ABSTRACT

There is a great volcanic belt at the northern Tibetan Plateau. It is one of the famous intracontinental volcanic belt on the Earth. On the basis of forming ages, rock association series, geochemistry and isotopic components this belt is divided into two parts: the Qiangtang sub-belt in the south and the Kunlun sub-belt in the north. They are characterized by special enriching in K2O(K2O>Na2O wt%), REE. In genesis they could be related to an initial rift zone developed in Oligocene-Miocene and an intraplate subduction zone formed in Pleistocene respectively. It is interesting that the Quaternary enriched-K2O lavas show that the higher 87Sr/86Sr(i) (0.7089–0.7105) and 206Pb/204Pb (18.711–18.834),207Pb/204Pb(15.087–15.701), 208Pb/204Pb(38.900–39.1909) but lower 143Nd/144Nd(0.5121–0.5123) than Cenozoic volcanic rocks of the East China.

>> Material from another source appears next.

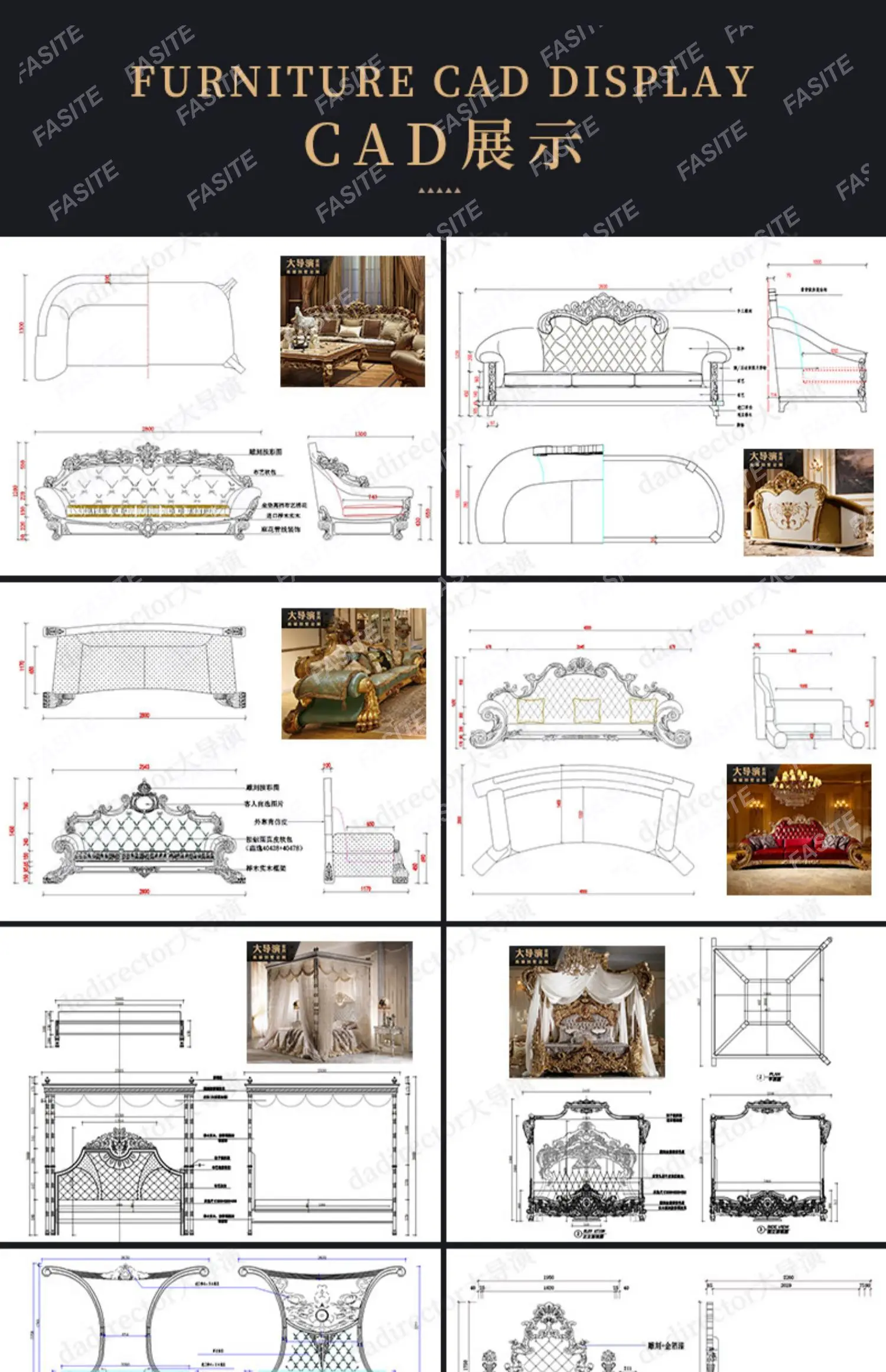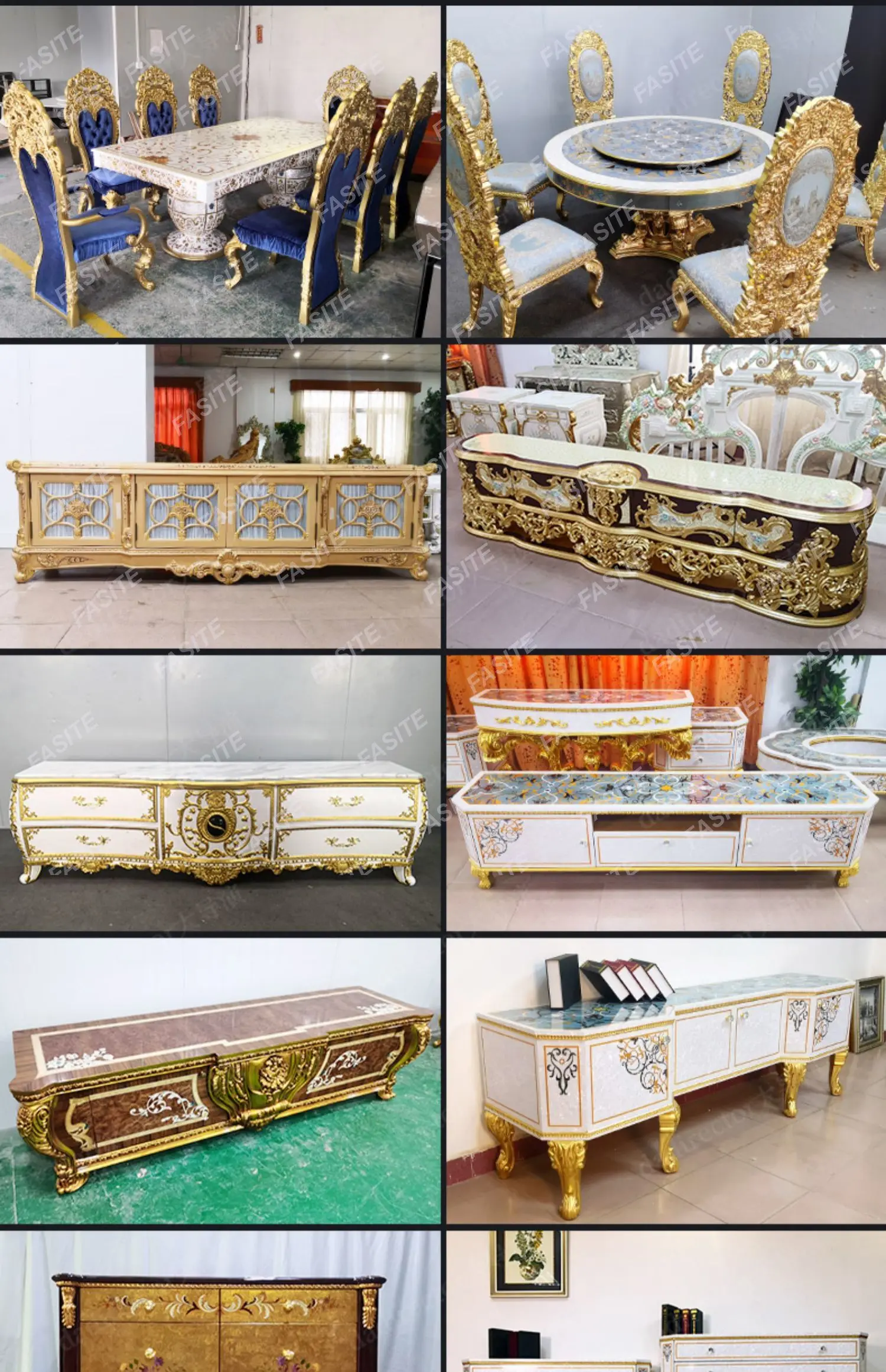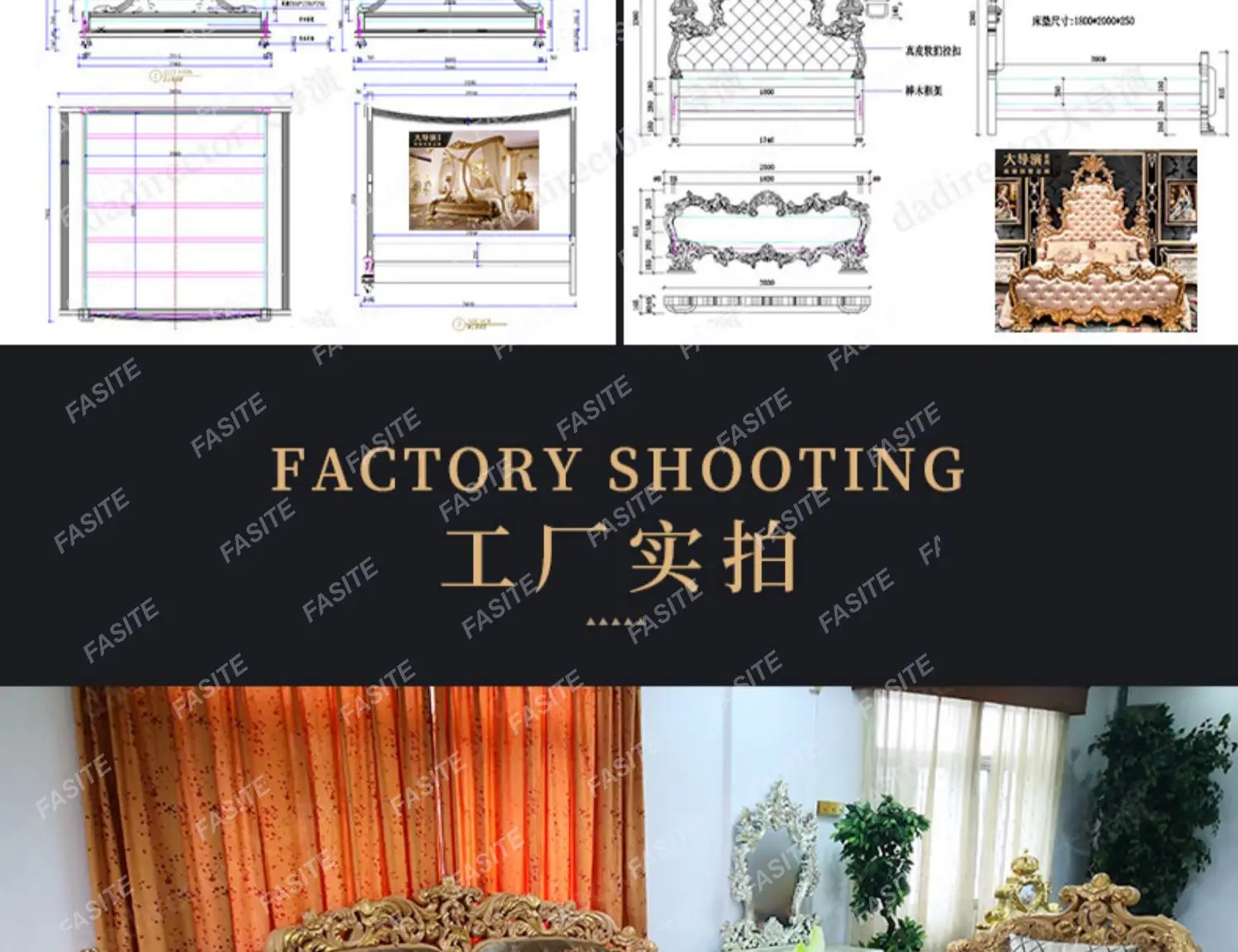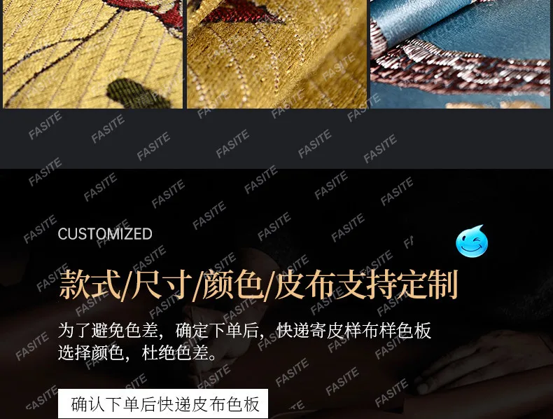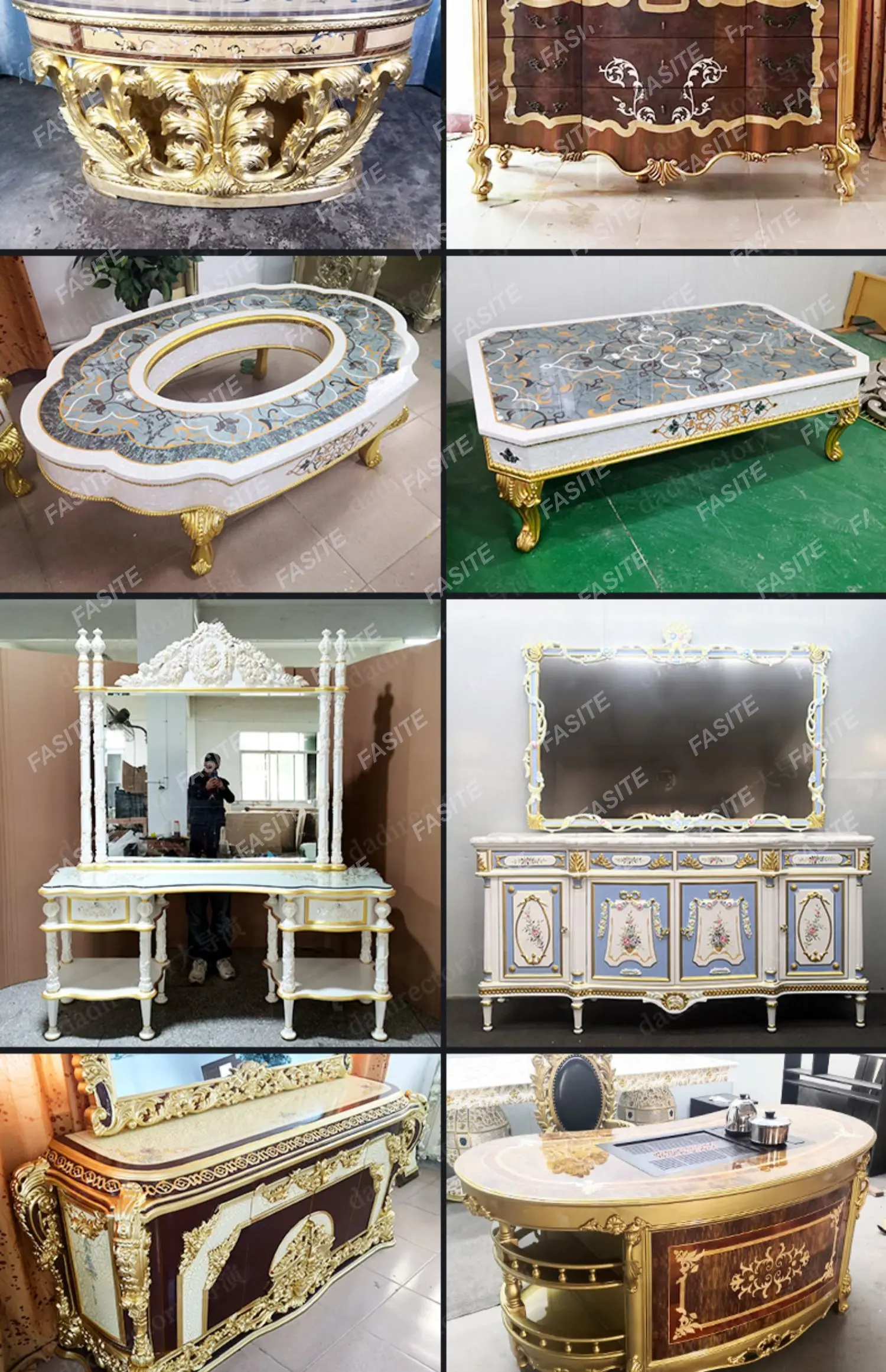 European style solid wood carving combination fabric sofa French style gold foil art sofa Luxury furniture customization
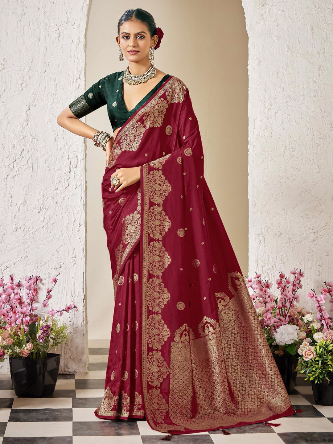 Red and Maroon color Saree in Silk fabric with Weaving work

Perhaps these characters suggest that the primary magmas of such lavas might have been derived from partial melting of the EMII type heterogeneous enriched mantle source, but they were contamined by continental crust during rising and eruption. The Tibetan Plateau has involved some important evolutional stages since Cenozoic. The time-space distribution and petro-geochemistry of the Cenozoic magmatisms are closely related to the lithospheric evolution.